Alongside her activities as a teacher of Persian language and Literature, she has been actively involved in issues related to education and women's studies, the results of which have been published in the form of a series of articles and papers.

In the early 1970s, using her ex-husband's surname and writing under Shokooh Farhang, she participated in the activities of a group of Iranian writers and artists to free political prisoners. This led to their arrest and trial. She, along with many others of this group, were initially sentenced to death. On accepting to plea for pardon on a TV show-trial, she and some other co-defendants were freed after a while. Two of the group's members were executed however and some spent long-term prison sentences in jail.

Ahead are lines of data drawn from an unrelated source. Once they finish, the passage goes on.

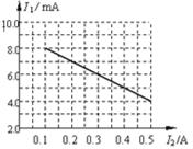 其他同学根据上述设计的实验电路利用测出的数据绘出的I1-I2图线(I1为电流表G的示数,I2为电流表A的示数),则由图线可以得到被测电池的电动势E=?V,内阻r=?Ω。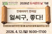 (포탈뉴스통신) 김포시 마산도서관은 제4회 도서관의 날을 맞아 오는 4월 12일 오후 4시부터 5시까지 마산도서관 3층 다목적실에서 전래이야기 한마당 '얼씨구, 좋다!'를 운영한다. 4월 12일은 '도서관법'에 따라 도서관에 대한 국민의 이해와 관심을 높이고 이용을 촉진하기 위해 지정된 ‘도서관의 날’이다. 시는 이를 기념해 가족 단위의 관람객이 즐길 수 있는 공연을 마련했다. 공연은 밴드 ‘판’이 진행하며, 건반과 베이스, 기타, 장구 등 다양한 악기를 활용해 전래동화를 음악으로 재구성한 무대다. 혹부리 영감, 별주부전 등 친숙한 이야기를 노래와 연주로 풀어내며, 옛 동요와 국악 장단을 활용한 창작곡도 함께 선보일 예정이다. 이번 공연은 김포시민 100명을 대상으로 하며, 3월 24일 오전 10시부터 김포시 통합예약 홈페이지를 통해 신청할 수 있다. [뉴스출처 : 경기도 김포시]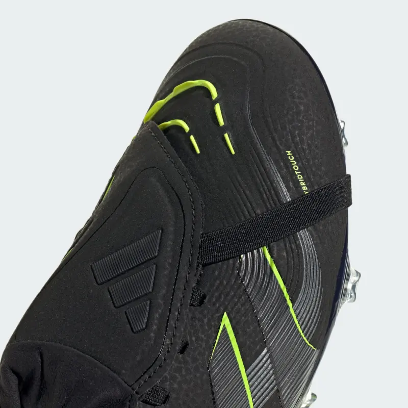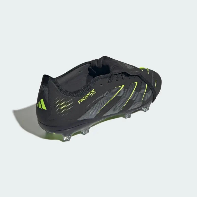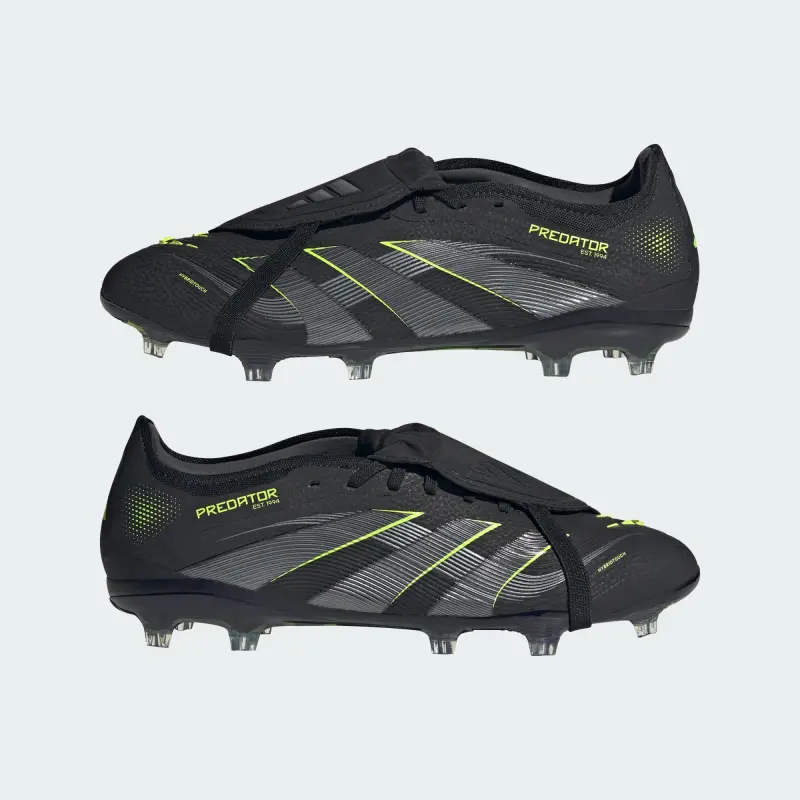 Discover the difference between aiming to score and knowing you will with adidas Predator cleats that are crafted for goals. These Pro soccer cleats have a flexible HybridTouch upper with a fold-over tongue and grippy rubber Strikeskin fins that help control every strike of the ball. Turn them over and you’ll find a full-length Controlplate outsole designed to keep you stable on dry grass.

After regaining her freedom, she began writing again and in 1977 was able to obtain permission to travel abroad. She settled for some time in London but before long returned home to witness the revolution of 1978–1979. After the new regime came to power, she was arrested again and was released only after the intervention of some Human Rights activists, notably Abdolkarim Lahiji of International Federation of Human Rights Leagues.

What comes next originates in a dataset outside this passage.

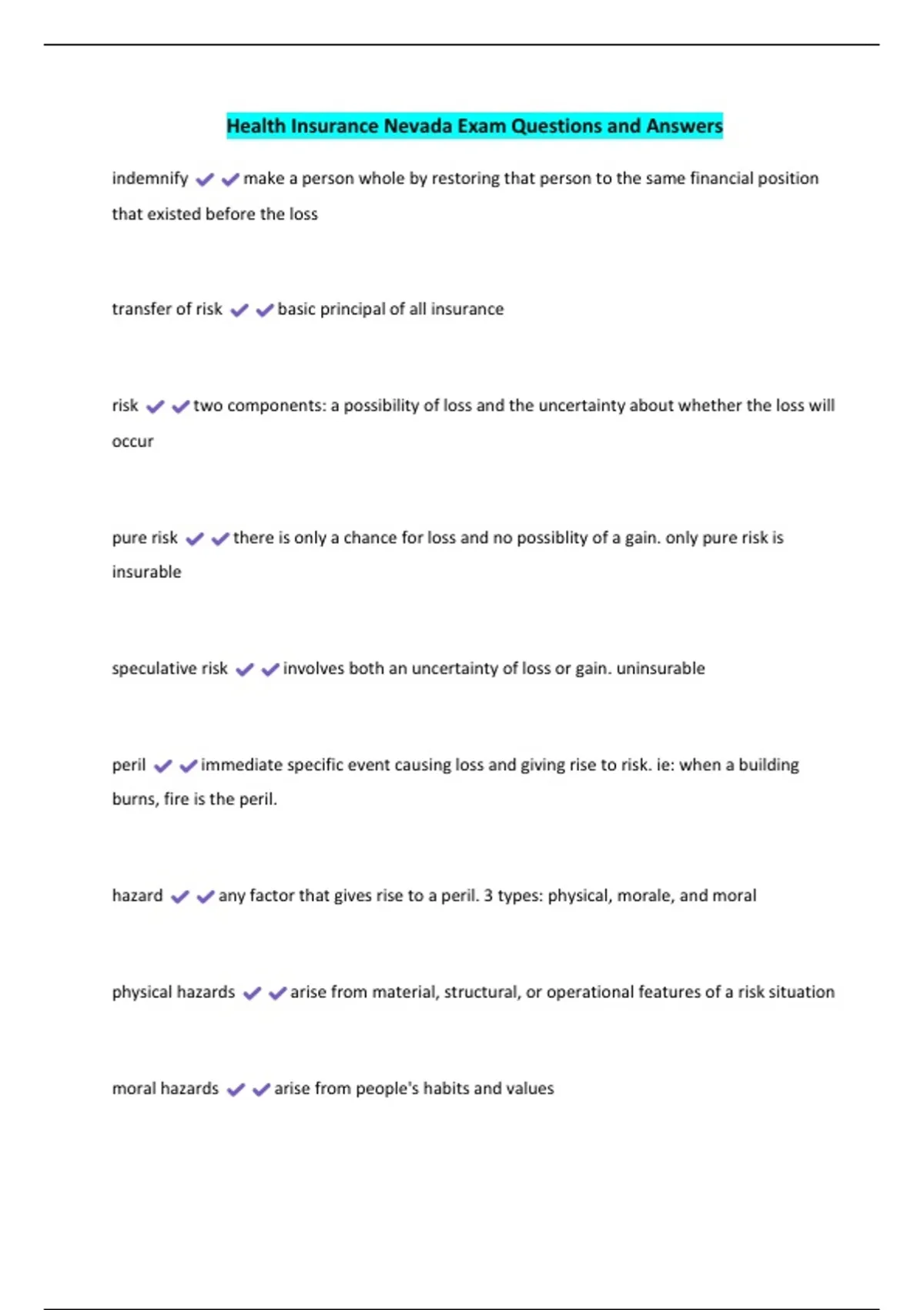 Health Insurance Nevada Exam Questions and Answers

She returned to London to begin her life in exile in 1980. Her works in this period comprises publishing of a socio-political periodical called Moghāvemat (مقاومت – Resistance), and a socio-literary periodical called Mamnu'e-hā (ممنوعه ها – The Forbiddens). She co-edited the latter with the late Manouchehr Mahjoubi. She also wrote a pamphlet on the historical conditions of Iranian women called Say'r-e nozuli-ye moghe'iyyat-e zan az āghaz tā eslām (سير نزولی موقعيت زن از آغاز تا اسلام – The downward trend of the social status of women from beginning until Islam). Together with Esmail Nooriala, she co-edited a literary magazine called Puyeshgarān (پويشگران – Explorers) for eight years.

She founded the Iranian Women Organization of Great Britain and participated in the foundation of Society for Iranian Writers and Artists in Britain. She also has founded the Center for Iranian Women's Documents and Studies in the United States.

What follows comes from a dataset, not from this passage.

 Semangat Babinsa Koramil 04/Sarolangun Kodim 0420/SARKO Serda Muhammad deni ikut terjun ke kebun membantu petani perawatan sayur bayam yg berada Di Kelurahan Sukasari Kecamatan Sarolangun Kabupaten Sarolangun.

Her first major novel, Bigāneh-yi dar man (بيگانه ای در من – A Stranger Within Me), was published in 1993. Three years later, she published a collection of her short stories Golden Ārk (گلدن آرک – Golden Ark) and in 1987 she wrote and staged a play with feminist themes. The English translation of Bigāneh-yi dar man, A Stranger Within Me, was published in 2000. Her other works have been translated into French, German and Japanese.

She has also published numerous articles on literary and social subjects during her time in the United Kingdom and, now, the US, and has widely travelled and lectured on literary and socio-feminist subjects.

She and her husband, Esmail Nooriala, immigrated to the United States in 1995, where between 2001 and 2005 they produced and hosted two weekly television programs, Kārgāh-e Andisheh (کارگاه انديشه – The Thought Workshop) and Bar Miz-e Tashrih (بر ميز تشريح – On the Operating Table). The main emphasis of these programs were on subjects related to women, human rights and political prisoners. The programs were broadcast via satellite and reached the entire globe, including Iran.

In August 2005, on finding that when Sivand Dam in the Fars province, Iran, became operational, the archaeological sites of the Pasargadae Plains would be inundated, she, together with another individual, founded the International Committee to Save the Archaeological Sites of the Pasargadae Plains, and has since then supervised the activities of its international branches.

==Books==
- Shokooh Mirzadegi, That Stranger Within Me, translated from Persian (بيگانه ای در من – Bigāneh-yi dar man) by Esmail Nooriala, 191 p. (IBEX Publishers, Bethesda, Maryland, 2002). ISBN 0-936347-83-X
- Shokouh Mirzadagui, Par delà le néant, translated from Persian by Ahmad Kamyabi Mask. Paris: Caractères, 1985.